*Work instruction:* Leave out every picture and set down, exactly, the lines below from the one holding "Trust.Zone'a her bağlanmak" up to and including the one holding "Наша компания выполнила".

*Exercise materials:*
====

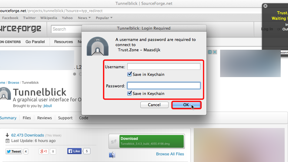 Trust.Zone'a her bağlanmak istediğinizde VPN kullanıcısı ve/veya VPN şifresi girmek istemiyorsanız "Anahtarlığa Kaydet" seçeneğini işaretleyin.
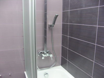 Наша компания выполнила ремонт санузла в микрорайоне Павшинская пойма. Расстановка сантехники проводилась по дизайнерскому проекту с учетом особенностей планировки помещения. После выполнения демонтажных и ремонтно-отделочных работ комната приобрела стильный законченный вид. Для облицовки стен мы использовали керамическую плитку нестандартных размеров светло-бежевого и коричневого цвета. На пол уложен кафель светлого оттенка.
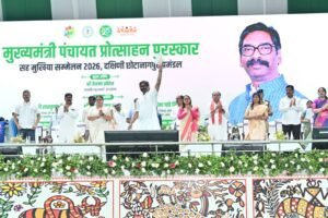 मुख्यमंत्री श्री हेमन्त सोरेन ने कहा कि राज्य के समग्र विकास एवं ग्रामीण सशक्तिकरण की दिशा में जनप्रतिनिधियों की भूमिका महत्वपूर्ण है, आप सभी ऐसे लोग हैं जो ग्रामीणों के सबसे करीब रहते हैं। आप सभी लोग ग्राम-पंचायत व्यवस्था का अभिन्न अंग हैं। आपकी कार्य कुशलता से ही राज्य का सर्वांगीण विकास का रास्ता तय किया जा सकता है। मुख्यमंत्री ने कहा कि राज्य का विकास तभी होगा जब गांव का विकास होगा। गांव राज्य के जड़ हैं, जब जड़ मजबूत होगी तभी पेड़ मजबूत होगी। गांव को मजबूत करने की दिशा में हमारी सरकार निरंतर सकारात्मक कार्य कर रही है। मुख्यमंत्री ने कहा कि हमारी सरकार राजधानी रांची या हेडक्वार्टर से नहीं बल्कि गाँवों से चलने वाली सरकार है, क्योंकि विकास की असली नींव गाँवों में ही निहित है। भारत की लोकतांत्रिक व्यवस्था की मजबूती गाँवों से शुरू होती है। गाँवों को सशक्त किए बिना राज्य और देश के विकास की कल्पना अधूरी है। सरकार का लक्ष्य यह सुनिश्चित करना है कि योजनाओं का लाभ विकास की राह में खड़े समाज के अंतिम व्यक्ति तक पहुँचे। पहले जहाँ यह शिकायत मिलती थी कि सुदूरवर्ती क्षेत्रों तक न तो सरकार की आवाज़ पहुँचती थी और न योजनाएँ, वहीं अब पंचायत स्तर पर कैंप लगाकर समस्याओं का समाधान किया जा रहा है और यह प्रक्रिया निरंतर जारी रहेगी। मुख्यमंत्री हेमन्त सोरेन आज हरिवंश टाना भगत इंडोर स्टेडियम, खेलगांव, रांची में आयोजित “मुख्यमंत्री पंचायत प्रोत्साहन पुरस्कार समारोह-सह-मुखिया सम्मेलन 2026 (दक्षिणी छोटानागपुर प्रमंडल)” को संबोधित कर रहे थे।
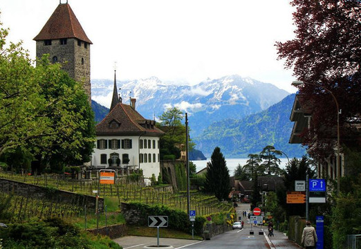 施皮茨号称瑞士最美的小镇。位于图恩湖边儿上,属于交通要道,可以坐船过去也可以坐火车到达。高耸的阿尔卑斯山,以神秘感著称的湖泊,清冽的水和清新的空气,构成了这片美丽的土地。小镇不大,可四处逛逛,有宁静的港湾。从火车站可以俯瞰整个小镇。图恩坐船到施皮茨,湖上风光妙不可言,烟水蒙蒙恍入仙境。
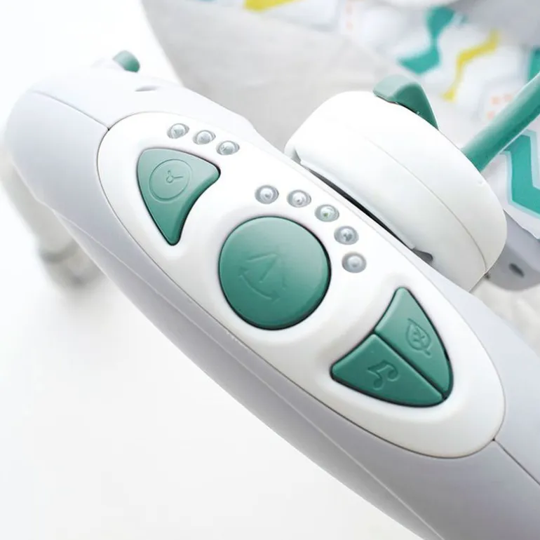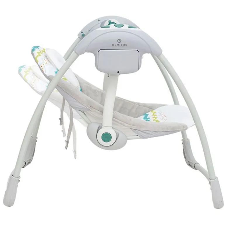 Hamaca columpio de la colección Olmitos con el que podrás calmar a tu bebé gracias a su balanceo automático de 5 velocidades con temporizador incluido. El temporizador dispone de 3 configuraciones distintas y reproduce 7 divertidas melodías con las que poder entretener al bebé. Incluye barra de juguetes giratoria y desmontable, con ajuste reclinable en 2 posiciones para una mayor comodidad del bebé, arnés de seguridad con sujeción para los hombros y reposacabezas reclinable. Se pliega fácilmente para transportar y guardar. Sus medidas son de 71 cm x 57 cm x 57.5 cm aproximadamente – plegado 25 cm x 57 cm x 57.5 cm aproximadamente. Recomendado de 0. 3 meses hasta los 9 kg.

====

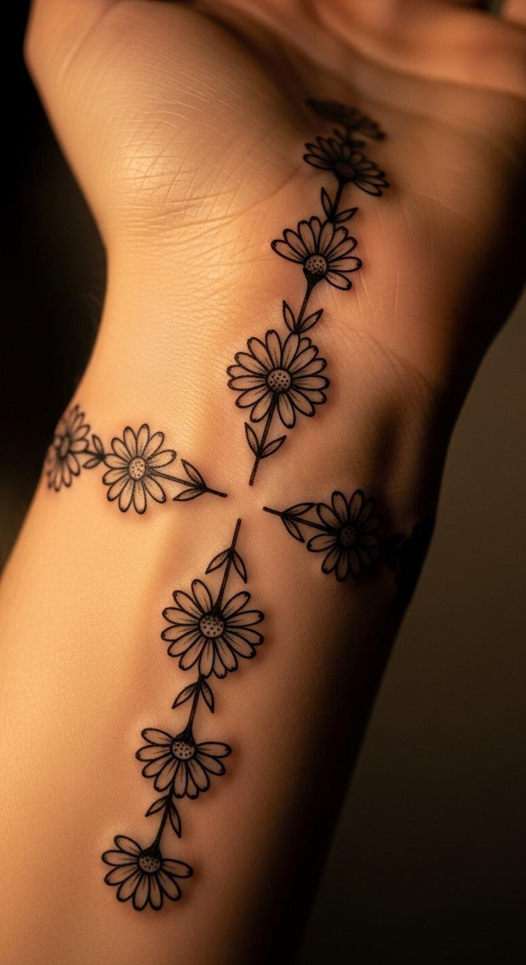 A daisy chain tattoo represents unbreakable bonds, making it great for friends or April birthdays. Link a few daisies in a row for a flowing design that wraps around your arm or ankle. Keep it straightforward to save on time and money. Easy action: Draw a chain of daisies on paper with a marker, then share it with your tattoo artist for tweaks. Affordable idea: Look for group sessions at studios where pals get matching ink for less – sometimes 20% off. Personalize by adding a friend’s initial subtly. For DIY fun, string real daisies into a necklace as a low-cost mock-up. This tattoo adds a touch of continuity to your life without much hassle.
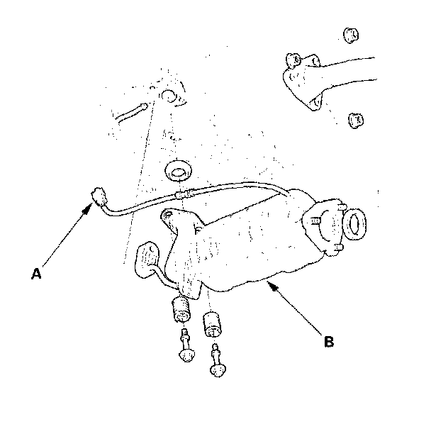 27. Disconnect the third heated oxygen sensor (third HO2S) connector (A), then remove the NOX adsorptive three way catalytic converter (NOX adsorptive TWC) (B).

====

*The completed task:*
 Trust.Zone'a her bağlanmak istediğinizde VPN kullanıcısı ve/veya VPN şifresi girmek istemiyorsanız "Anahtarlığa Kaydet" seçeneğini işaretleyin.
 Наша компания выполнила ремонт санузла в микрорайоне Павшинская пойма. Расстановка сантехники проводилась по дизайнерскому проекту с учетом особенностей планировки помещения. После выполнения демонтажных и ремонтно-отделочных работ комната приобрела стильный законченный вид. Для облицовки стен мы использовали керамическую плитку нестандартных размеров светло-бежевого и коричневого цвета. На пол уложен кафель светлого оттенка.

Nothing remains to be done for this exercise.